> _Task brief_: Please reproduce the listing word for word. Pictures stay out.

> _Data excerpt_:

▬▬▬▬▬▬▬▬▬▬

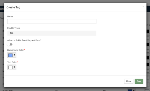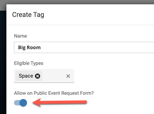 Again, when you are creating tags, if the below setting option is checked, then that tag will be available on your Public Event Request Forms.
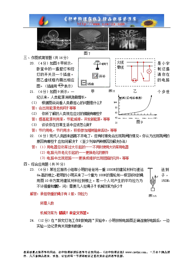 6. 如图2所示,为了搞好城市建设,维护交通安全和秩序,在市区各交叉路口安装了交通红绿灯和电子警察监控系统。已知:三只灯泡均标有“220V 100W”字样,这三只灯是 并 联的,设施正常工作一天(24h)将消耗 2.4 kW?h的电能。
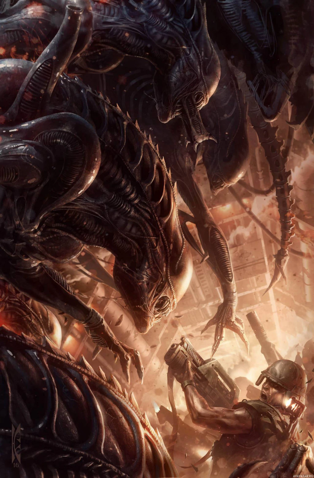 The image depicts a dramatic and action-packed scene featuring characters that resemble those from the "Aliens"
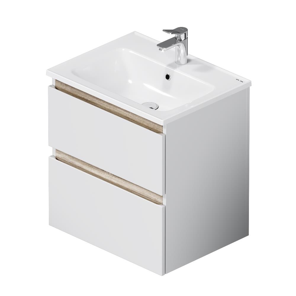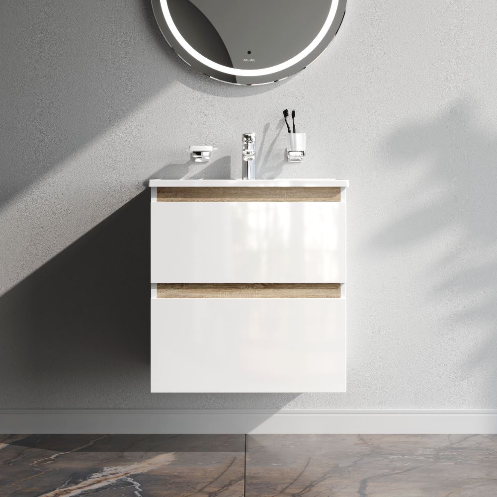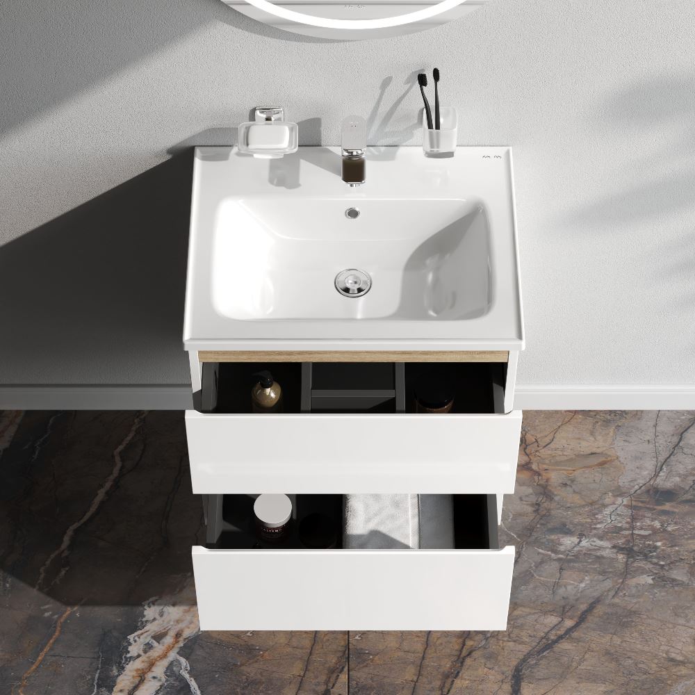 - Подвесная тумба бренда AM.PM коллекции X-Joy с белыми глянцевыми фасадами, дополненными отделкой под светлое дерево. Функциональный органайзер в первом ящике позволит хранить необходимые косметические средства под рукой и в полном порядке.

▬▬▬▬▬▬▬▬▬▬

> _Answer to this exercise_:
 Again, when you are creating tags, if the below setting option is checked, then that tag will be available on your Public Event Request Forms.
 6. 如图2所示,为了搞好城市建设,维护交通安全和秩序,在市区各交叉路口安装了交通红绿灯和电子警察监控系统。已知:三只灯泡均标有“220V 100W”字样,这三只灯是 并 联的,设施正常工作一天(24h)将消耗 2.4 kW?h的电能。
 The image depicts a dramatic and action-packed scene featuring characters that resemble those from the "Aliens"
 - Подвесная тумба бренда AM.PM коллекции X-Joy с белыми глянцевыми фасадами, дополненными отделкой под светлое дерево. Функциональный органайзер в первом ящике позволит хранить необходимые косметические средства под рукой и в полном порядке.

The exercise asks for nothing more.